Alignment statistics (by count).
This table shows the number of reads that remain after each major step in the processing pipeline (code and accompanying documentation about our processing pipeline can be found here: https://github.com/epigen-UCSD/atac_seq_pipeline). Normal ranges, where applicable, are discussed in the following section (b).
Fragments sequenced: The total number of reads or read pairs sequenced. If using paired-end sequencing this is the total number of reads divided by two, because both read pairs come from the same fragment. If using single-end sequencing this number will be identical to the number of reads.
Reads sequenced. The total number of reads sequenced, regardless of whether single-end or paired-end.
Reads aligned. The number of reads from (ii) that align to the reference genome of interest.
Reads aligned and pass mapq. The number of reads from (iii) that pass a mapping quality (mapq) filter to eliminate reads mapping to repetitive regions of the genome.

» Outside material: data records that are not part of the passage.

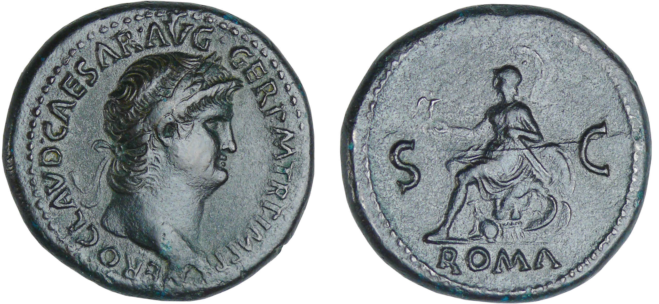 Revers : R/ S C // ROMA. Rome assise à gauche, tenant une Victoire et un parazonium ; le pied posé sur un casque.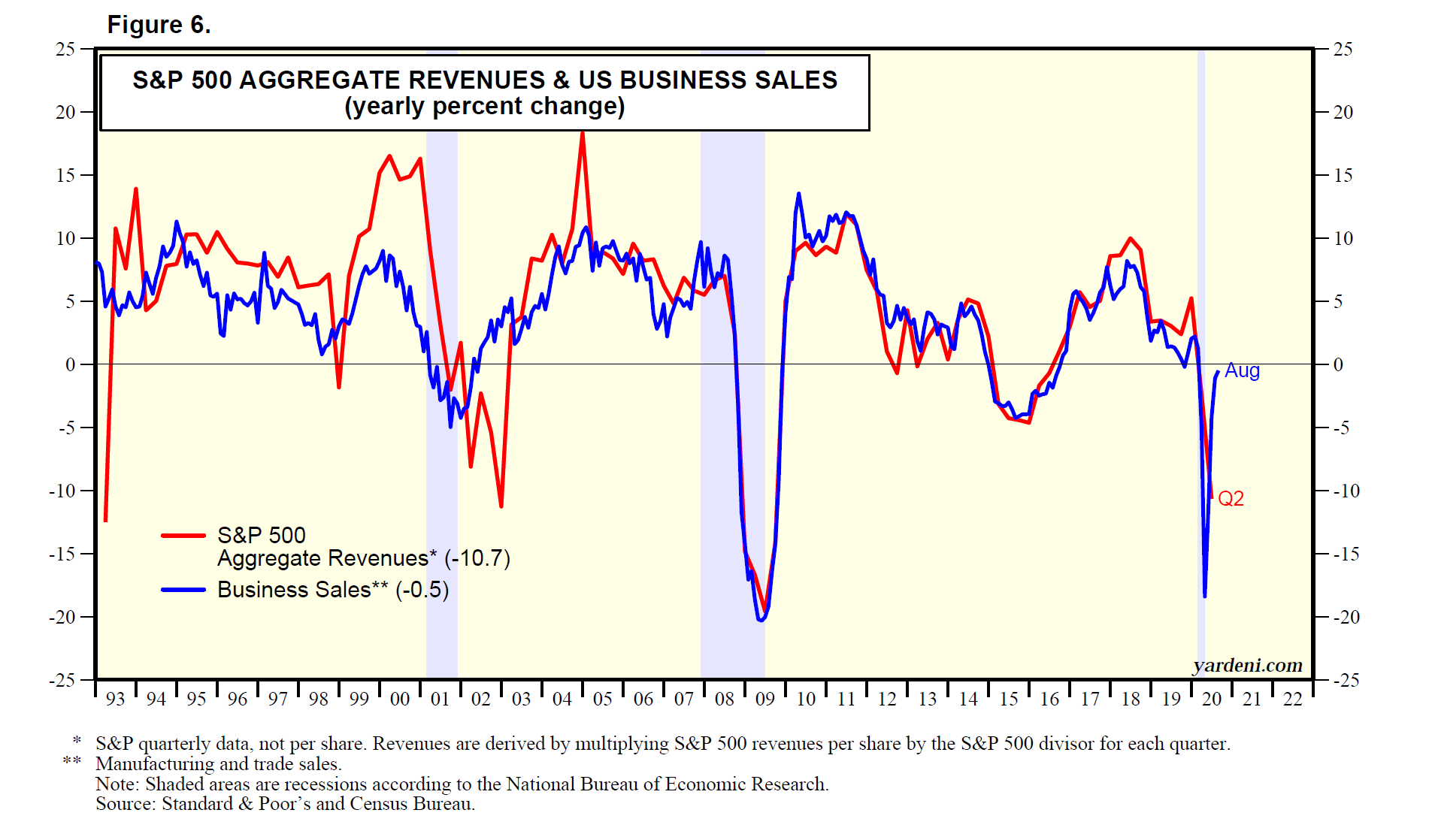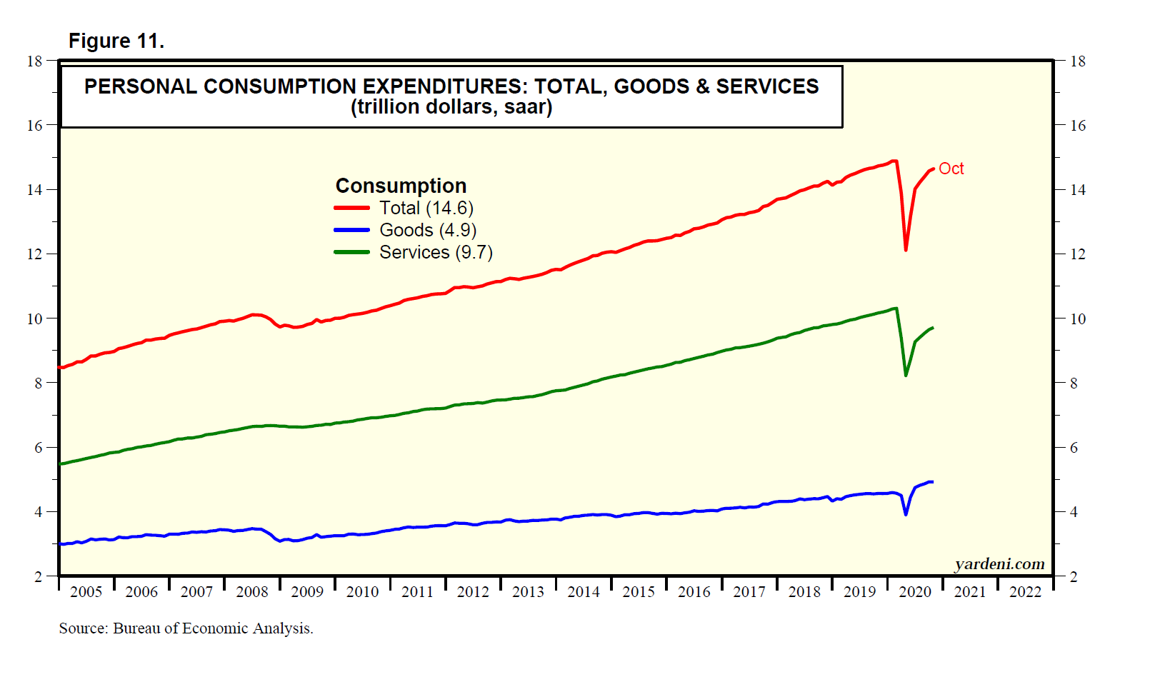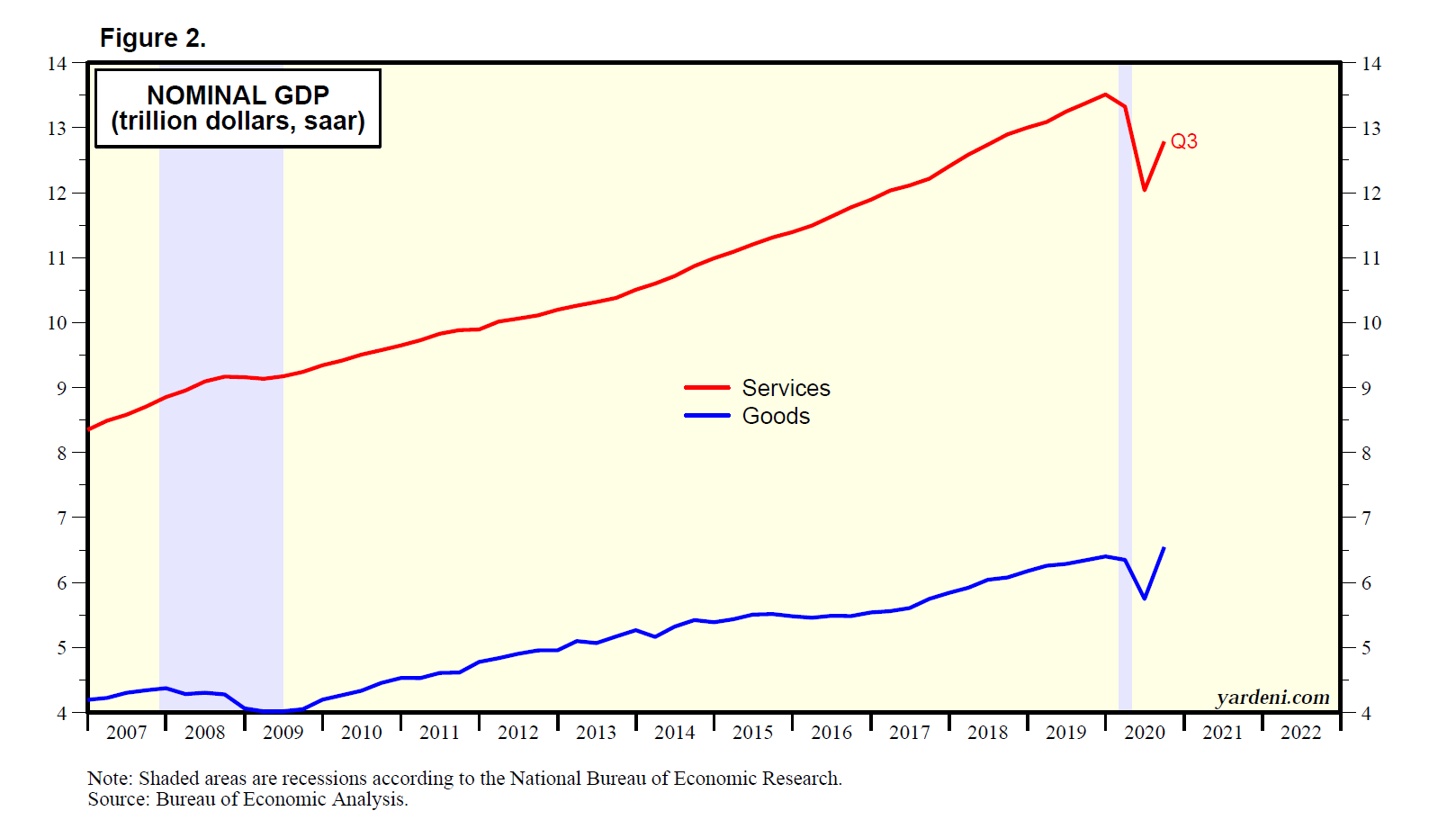 (1) Revenues & GDP. Corporate revenues have rebounded smartly along with real and nominal GDP. S&P 500 aggregate revenues rose 10.1% q/q during Q3 following a drop of 14.7% during the first half of the year (Fig. 1). Nominal GDP increased 8.4% (not annualized) during Q3 following a 10.2% drop during the first two quarters of the year. The revenues rebound has been led by goods-producing industries, while many service-providing ones have remained pandemic challenged. Business sales of goods have fully recovered since they bottomed in April through October. Nominal GDP of goods rose to a record high during Q3, while GDP of services remained 5.4% below the Q4-2019 peak (Fig. 2).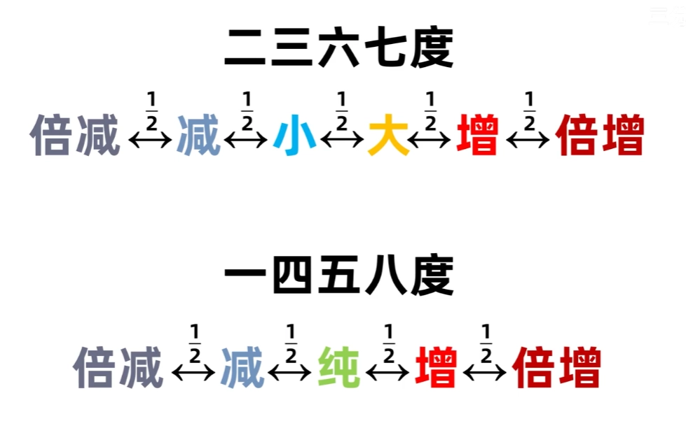 - 定律法: 确定乐音体系中各音的绝对准确高度,人们在实践中创造了各种定律法。如十二平均律,五度相生律、纯律等。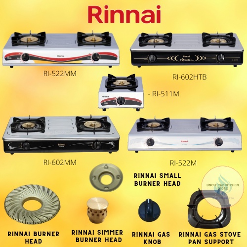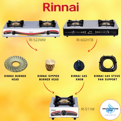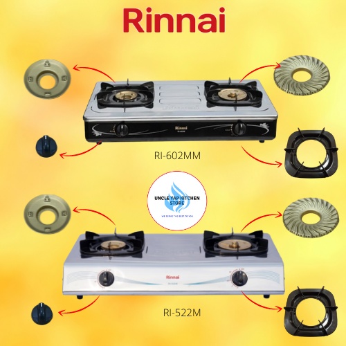 RINNAI GAS STOVE PAN SUPPORT ORIGINAL FOR MODEL RI-602HTB/522M/602M/511M BURNER HEAD SIMMER HEAD GAS KNOB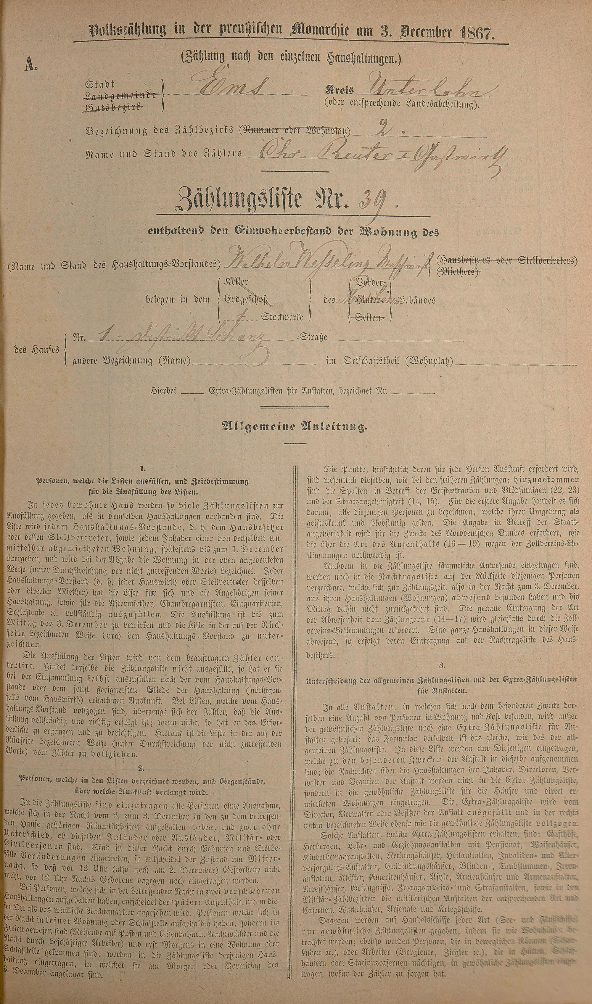 Volkszählung 1867

Reads aligned, pass mapq, and PCR dup removal. The number of reads from (iv) that remain after eliminating potential PCR duplicates. Reads aligned, pass mapq, PCR dup and mito removal. The number of reads from (v) that remain after eliminating reads that map to the mitochondrial genome. Mitochondrial reads are overrepresented in ATAC-seq libraries, but are not used for most downstream analysis.
Final number of fragments. This is the final number of usable fragments that remain after all filtering steps in the pipeline. This is the effective read depth of each library. If using single-end sequencing, this number will be the same as (vi). If using paired-end sequencing, this is (vi) divided by two.